In my view, the primary factors that are taken into consideration while choosing a suitable API gateway are the following:-

  1. Deployment complexity – how easy or difficult is to deploy and maintain the gateway service itself
  1. Open Source vs proprietary – are extension plugins available readily? Is the free tier scalable as per your required traffic?
  1. On premise or cloud hosted – On-premise can add additional time to plan the deployment and maintain. However, cloud hosted solutions can add a bit of latency due to the extra hop and can reduce availability of your service if the vendor goes down.
  1. Community support – is there a considerable community using/following your solution where problems can be discussed.

How did HK leverage API gateway?

At HealthKart we chose Netflix Zuul API Gateway (Edge Service) as the front door for our microservices. We have embedded our authentication  & security validation at the gateway layer to avoid replication on multiple services. We use it for dynamically routing requests to different backend clusters as needed.

Also, we have implemented routing rules and done filter implementation. Say we want to append a special tag into the request header before it reaches the internal microservices, we can do it at this layer.

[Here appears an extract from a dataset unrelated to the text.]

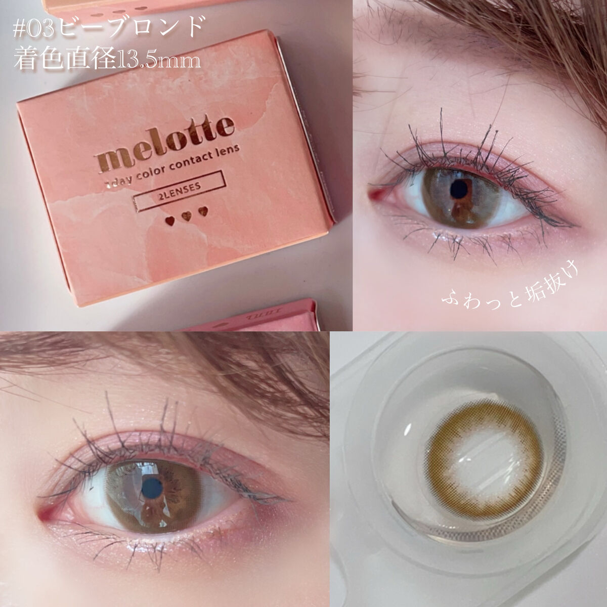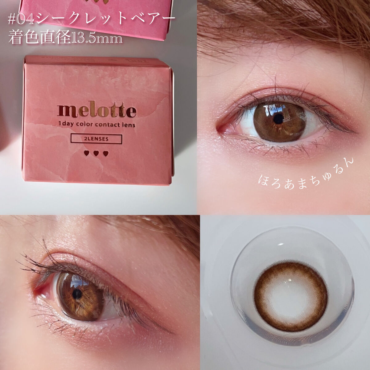 melotteメロット 1dayロマンティックローズ¥1,793DIA14.2mmBC8.6mm着色直径13.3mm含水率38%UVカット✔︎ほんのりローズの色味♡✔︎ナチュラルで使いやすいデザイン♡✔︎サイズは少し大きめだと思う。ローズの色...

Netflix Zuul – What & How?

At a high level view, Zuul 2.0 is a Netty server that runs pre-filters (inbound filters), then proxies the request using a Netty client and then returns the response after running post-filters (outbound filters). The filters are where the core of the business logic happens for Zuul. They have the power to do a very large range of actions and can run at different parts of the request-response lifecycle.

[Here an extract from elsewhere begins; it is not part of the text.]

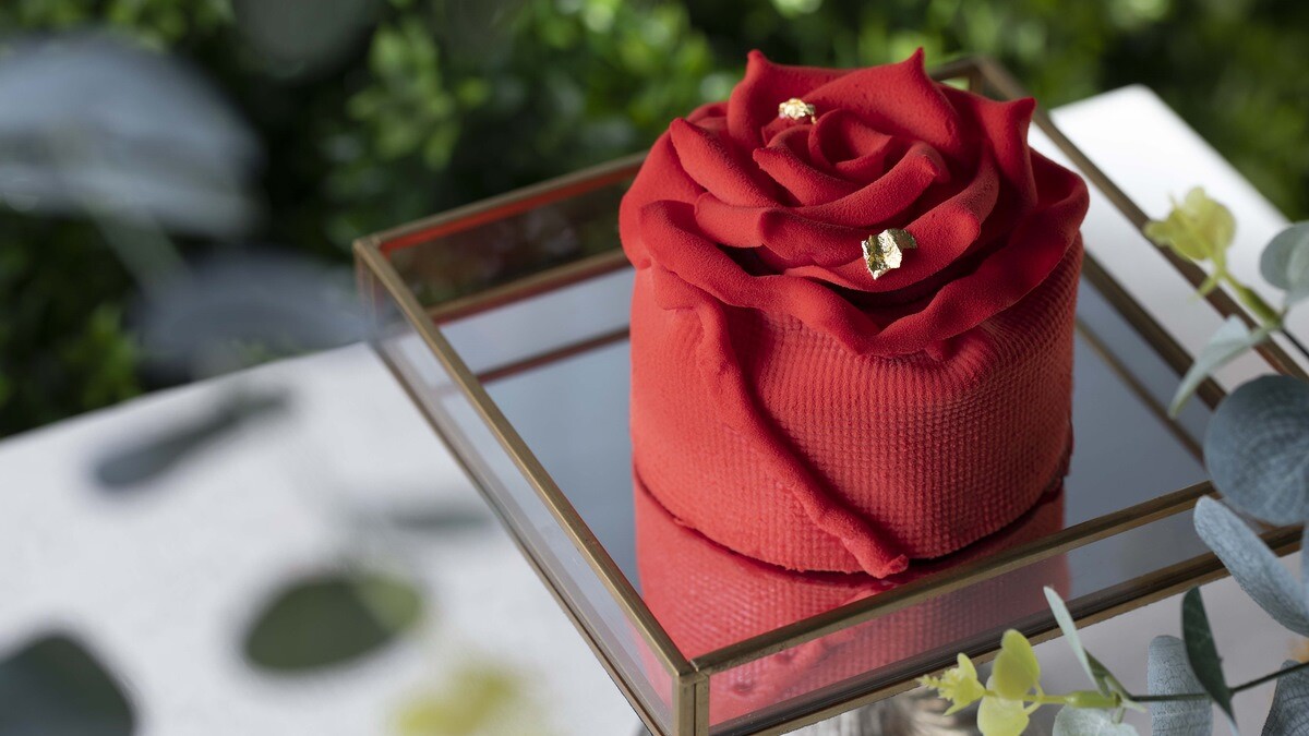 BAC情人節超夯的手工情人節蛋糕「玫你不可」回來了!情人節除了要準備玫瑰花束外,當然少不了巧克力甜點啦!BAC 2022浪漫再升級,使用了9片手工捏製的巧克力玫瑰花瓣,再加入金箔裝飾,更襯托出紅色玫瑰花的高貴感,仿真的玫瑰花造型美到讓人捨不得吃!

Zuul works in conjunction with Netflix Eureka service. Eureka is a REST based service that is primarily used in the AWS cloud for locating services for the purpose of load balancing and failover of middle-tier servers. Zuul doesn’t generally maintain hard coded network locations (host names and port numbers) of backend microservices. Instead, it interacts with a service registry and dynamically obtains the target network locations.

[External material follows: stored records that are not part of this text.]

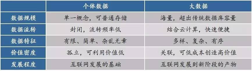 ▲表1 个体数据与大数据
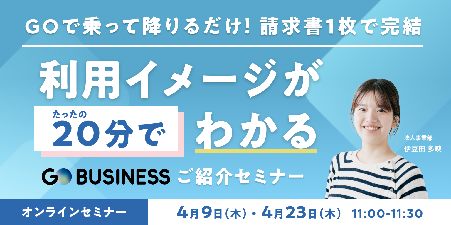 GOで乗って降りるだけ!請求書1枚で完結 20分で利用イメージがわかるGO BUSINESSご紹介セミナー
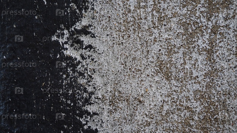Бетонная стена с черно-белой полосой краски. Небрежно зачищенные детали, сквозь нанесенную масляную краску просвечивается серая штукатурка. Гранж-фон с пустым пространством. Копировать пространство
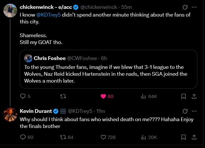 網(wǎng)友Chris Foshee:對于年輕的雷霆球迷來(lái)說(shuō),想象一下,如果我們3-1領(lǐng)先然后被森林狼逆轉了,里德還踢了哈爾滕施泰因的要害,然后SGA一個(gè)月后加盟了森林狼……(暗示16年勇士曾逆轉雷霆、之后KD加盟勇士)。

To get this to working on our Edge microservice, spring boot has provided excellent in-build support , we just had to enable few configurations. Code snippet for the same is illustrated below:-

public class GatewayServiceApplication {

 public static void main(String[] args) {
   SpringApplication.run(GatewayServiceApplication.class, args);

At the respective microservice layer, we needed to integrate service discovery so that as soon as the microservice is up – it registers itself with the Eureka server registry. @EnableDiscoveryClient annotation in spring boot helps us achieve this.

The following properties at the client side helped us in enabling client registry:-

eureka.instance.hostname= xxx
eureka.client.region= default
eureka.client.registryFetchIntervalSeconds= 5
eureka.client.serviceUrl.defaultZone=  xxxx


An API Gateway service is a great add-on to have in the micro-services architecture and has definitely proved to be a boon for us. We have still not leveraged it to its maximum capacity and aim to use it for cross cutting concerns like logging, caching, etc in coming months. The end goal would be to have each and every microservice to be on-boarded on this API gateway to enable seamless communication between client to server and server to server.